__Work order__
Please transcribe only the lines from the one holding "چادر مسافرتی 4" through the final line of the data, both included, with no pictures.

__Supplied records__
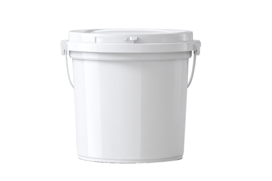 Bucket with green paint, paint running out, isolated on transparent background, cut out
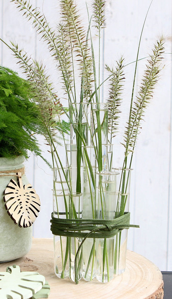 Provette in vetro cristallino, con bordo piatto per essere appese facilmente. Set di 12 pezzi.
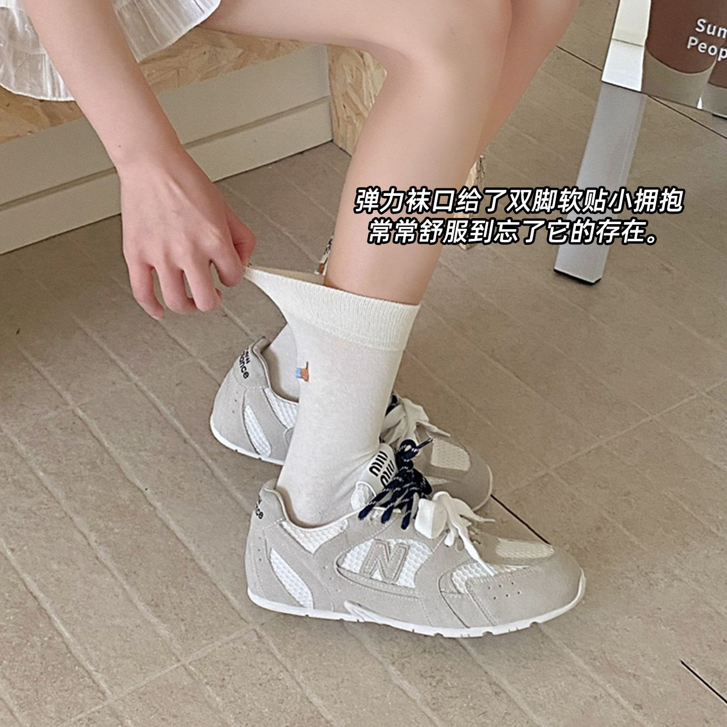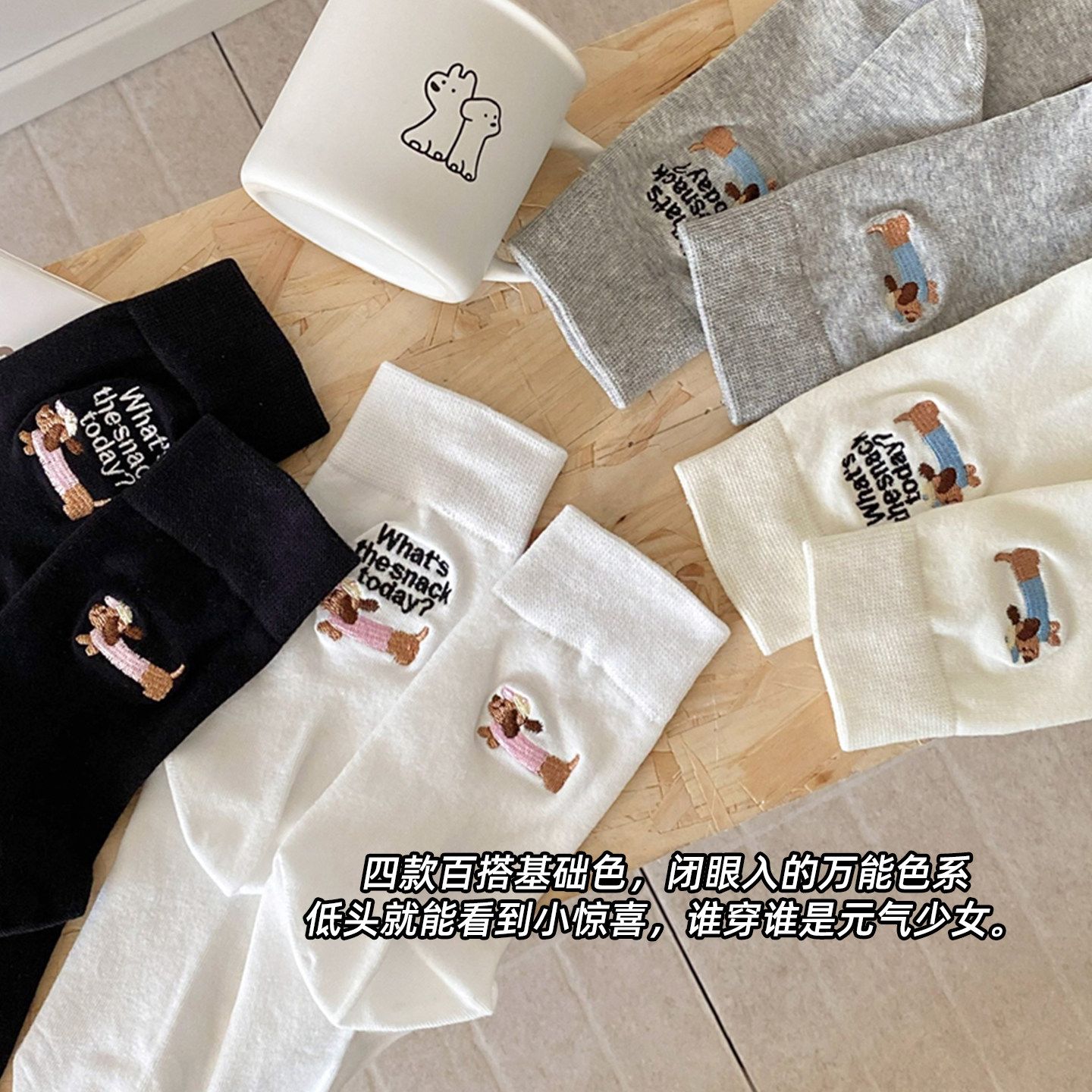 白色袜子女春秋款后跟AB款腊肠狗刺绣2026新款爆款无骨中筒袜
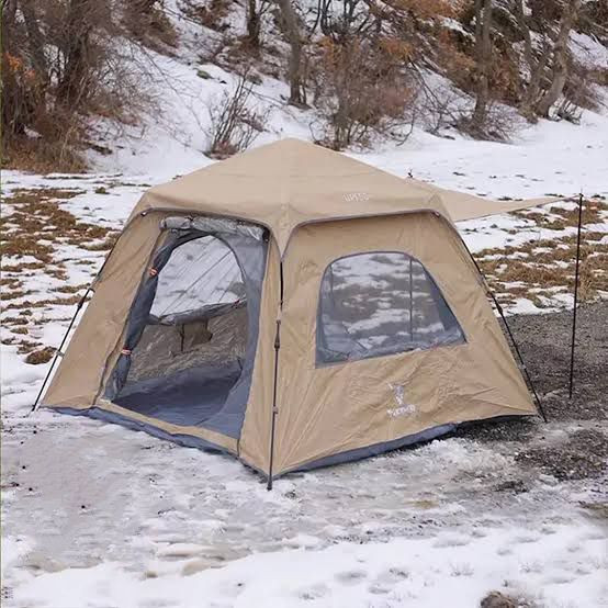 چادر مسافرتی 4 الی 5 نفره اتوماتیک کله گاوی مدل C1022 با ظرفیت4 تا 5 نفره خواب، دو درب و پنجره توری دار، پارچه ضد آب و تجهیزات کامل مانند میخ، چکش و سایبان.
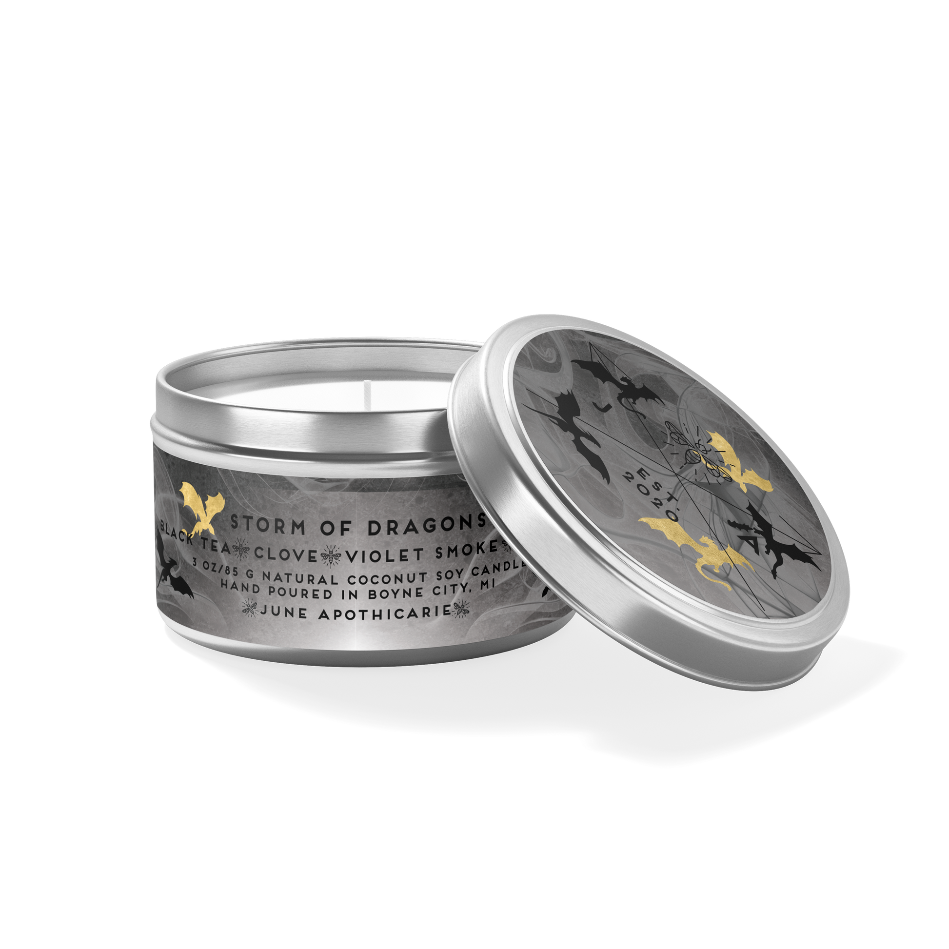 Enter a new chapter of the Fourth Wing series with this "Storm of Dragons" fragrance. This spicy scent mixes sultry black tea with warm fig, fresh nutmeg and a touch of smoked violet to create a mysterious and warm scent. Brave the dark and burn this candle while reading about our favorite Dragon riders Violet Sorrengail and Xaden Riorson as they brave the dark!

__Reply__
 چادر مسافرتی 4 الی 5 نفره اتوماتیک کله گاوی مدل C1022 با ظرفیت4 تا 5 نفره خواب، دو درب و پنجره توری دار، پارچه ضد آب و تجهیزات کامل مانند میخ، چکش و سایبان.
 Enter a new chapter of the Fourth Wing series with this "Storm of Dragons" fragrance. This spicy scent mixes sultry black tea with warm fig, fresh nutmeg and a touch of smoked violet to create a mysterious and warm scent. Brave the dark and burn this candle while reading about our favorite Dragon riders Violet Sorrengail and Xaden Riorson as they brave the dark!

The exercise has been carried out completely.